You Say EE-ther, I say EYE-ther: Who’s Right?

Guy With AnxietyMany of my blog posts address word use or misuse, or the wrong position of a word in a sentence. This post is about how certain words are pronounced — or mispronounced.

But not all grammar experts agree. The way you say either, often, height and palm could depend on where you live or what you heard growing up. Here is a ruthless editor’s view on how we pronounce these everyday words.

Either: Do you say ee-ther or eye-ther?

Often: Do you say of-fen or off-ten?

Height: Do you say height or heigth?

Palm: Do you say palm or pom?

What about preventive vs. preventative and oriented vs. orientated?

You can say either with an ee sound or with an eye sound; both are considered correct. The pronunciation choice often is determined by the country, the part of a country, or the region of a state where it’s spoken.

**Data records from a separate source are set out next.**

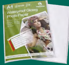
Color sheet +opp bag Material: 128gsm coated paper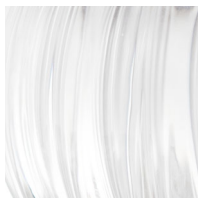
C - CRYSTAL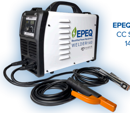
EPEQ® WELDER140 CC Stick Welding, 140A Option

The Vanair® EPEQ® 140A Welder combines the flexibility of lithium-powered welding with Vanair's long history of providing top-level welding capabilities. The ability to carry the entire welder and cables (34 lbs. total weight) right next to the equipment being worked on, makes the EPEQ® Welder extremely user-friendly for those fast repair jobs.

I grew up in the Midwest and always said eether and neether, pronouncing the ie just as I do niece, receive or seize. Although both of my sons learned the same pronunciation, they ended up on opposite coasts. The East Coaster now says eye-ther, and the West Coaster has stayed with ee-ther.

Of-fen (no t) generally is preferred. Terms such as oft-heard voice or oft-told story with a hard t can sound old-fashioned or stuffy. Enunciating the t in often might carry that same connotation. Saying ofTen won’t generate disdain by most people, but as in soften, you can skip the t.

The number of words related to dimension ending in th — length, width, breadth, depth — could explain the tendency for some people to say heigth. However, note that both weight and height end with a t, not a th, sound (weight + height … a possible mnemonic device?).

I had been pronouncing the l in palm — as in the palm or your hand or palm tree — for a long time. When a friend corrected me a few years ago, I checked further and found many examples of words, including palm, that multiple grammarists claim should have a silent l: balm (bom), embalm (embom), palm (pom), psalm (som), and salmon (samon).

I’m sure some of you are frowning in disagreement. I’d love to hear opinions on this.

Preventive / Preventative
Although reliable sources admit that preventative has gained ground and shares the same meaning, preventive is preferred. For me, it’s a simple case of picking the shortest word that will do the job.

Oriented / Orientated
is another word that sometimes gains an unnecessary syllable: ta. As with wanting to pronounce heigth (as in width) incorrectly, it’s easy to see how one could think of orientated as a logical fit with orientation.

Although there are sources that consider orientated acceptable usage, I say don’t do it! Stick with oriented. Don’t use a five-syllable word when you can use a four-syllable word.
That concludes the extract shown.